In another instance, multiple local suppliers had been retained to cast catch basins for the road. But because of supply and labor shortages, it became clear that they would not be able to keep up with the pace of construction. As a result, the design-builder became certified to cast boxes on site. This solution allowed the project to keep moving and avoid delays.

The dashboard used on the project was also a key part of maintaining schedule, budget and tracking submittals. The comprehensive and collaborative dashboard tracked design, construction, and administrative submittals with clear, concise data.

It also provided value to the contractor by keeping them up to date on all relevant information. Graphics, charts, and metrics reported schedule progress and changes to the design-builder’s schedule, allowing the team to focus on what was most important and create efficiencies during schedule and change order reviews.

During contract administration, the data was used for change order evaluation, resulting in the project coming in within budget.

Community Embrace

Construction was substantially completed in December 2023, and the new highway opened to traffic on Jan. 6, 2024. It was clear that the community was excited about the new road.
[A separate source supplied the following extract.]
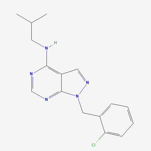 - Synonyms:1-(2-chlorobenzyl)-N-(2-methylpropyl)-1H-pyrazolo[3,4-d]pyrimidin-4-amine;903203-68-9;MLS001215848;CHEMBL1552668;DTXSID601321126;HMS2853H07;STK612876;AKOS005176249;1-[(2-chlorophenyl)methyl]-N-(2-methylpropyl)pyrazolo[3,4-d]pyrimidin-4-amine;SMR000544802;Z1172235426

About 2,500 people showed up for grand opening, and when barricades were lifted, lines of traffic were already waiting to use it.

In the weeks and months since, the enthusiasm hasn’t dimmed. Some residents have said the new road reduces their commute times by 20-30 minutes.

“Time is the one thing we can’t make more of, and we expect this highway to reduce delays by more than 30 percent on local roads,” Braceras said when the West Davis Highway opened. “It also includes trails for people who want to walk, bike, or even ride a pony.

“Utah continues to be the fastest growing state in the country, so it’s crucial for us to provide a holistic transportation system that offers people choices to get where they want, when they want, in the way they want – safely. As the West Davis Highway opens its lanes, it's not just about roads; it's about connecting communities and the countless journeys it will enhance.” RB

Bryan Adams is a senior project manager and led HDR’s program management work on the West Davis Corridor.

Bethany Shingleton is a project manager and office principal for HDR in Salt Lake City. She has worked on the West Davis Corridor since 2010.